- USD/CAD stalls at 1.2400, retreated to 1.2350 on good Canadian macroeconomic data.
- Positive market mood, and rising crude oil prices, boost the CAD prospects.
- Canadian IHS Markit Manufacturing PMI reading was better than expected.
The USD/CAD slides during the New York session, down 0.27%, trading at 1.2356 at the time of writing. A risk-on market mood, alongside rising crude oil prices, boosts the Canadian dollar.
During the Asian session, the US Dollar was firmly bid, trading as high as 1.2400. However, once the Canadian IHS Markit PMI Manufacturing reading was released, the pair broke beneath the 1.2400 figure as renewed optimism surrounded the Loonie.
US Dollar Index below 94 again, despite rising US T-bond yields
In the meantime, the US Dollar Index, which measures the greenback’s performance against a basket of six peers, slumps 0.18%, breaking below 94, sitting at 93.95. Contrarily, the US T-bond 10-year benchmark note, which dramatically influences the US dollar, rises three and a half basis points, up to 1.589%.
Canadian IHS Markit Manufacturing PMI reading was better than expected
On the macroeconomic front, the Canadian economic docket featured the IHS Markit Manufacturing PMI for October rose to 57.7, better than the 57.2 expected and higher than the September reading. That motivated CAD bulls, which promptly spurred a downward move towards the 1.2350 familiar level, but lacked the conviction to push the pair towards 1.2300, as the Federal Reserve November meeting, is around the corner.
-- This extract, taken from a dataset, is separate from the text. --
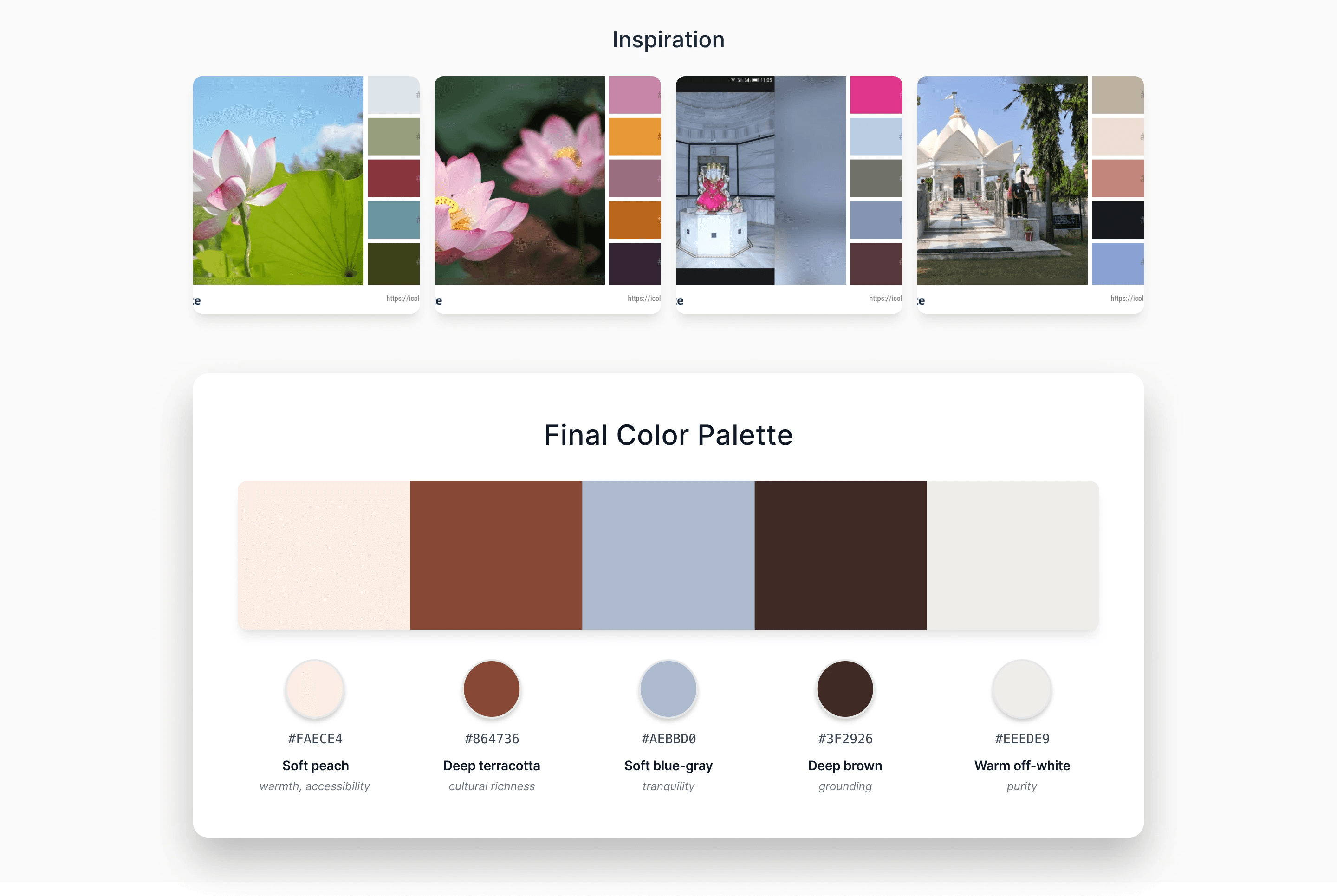 Competitive Analysis Analyzed temple website structures to understand common information architecture patterns and layout conventions, identifying best practices for spiritual community platforms.

Concerning the US economic docket, the Institute for Supply Management (ISM) revealed the Manufacturing PMI for October, which rose to 60.8 more than the 60.6 estimated. Although the reading was good, it fell short against the September reading. Moreover, the new orders slumped to a 16-month low as factories continued to experience raw materials shipment delays.
USD/CAD Price Forecast: Technical outlook
The USD/CAD pair unsuccessfully tested a downslope resistance trendline, which caused a retracement from 1.2400 towards 1.2360, in line with the downward bias depicted by daily moving averages (DMA’s) located above the spot price. Furthermore, the price action of the last eight days has formed a bearish flag, which in case of a downward break, would open the door for 1.2278, immediately followed by the June 23 low at 1.2252.
The Relative Strength Index (RSI) is at 37, well below the 50-mid line edging slightly lower, indicating that bears are in control. However, fundamental and macroeconomic news suggests that market participants would remain on the sidelines, awaiting the Federal Reserve meeting.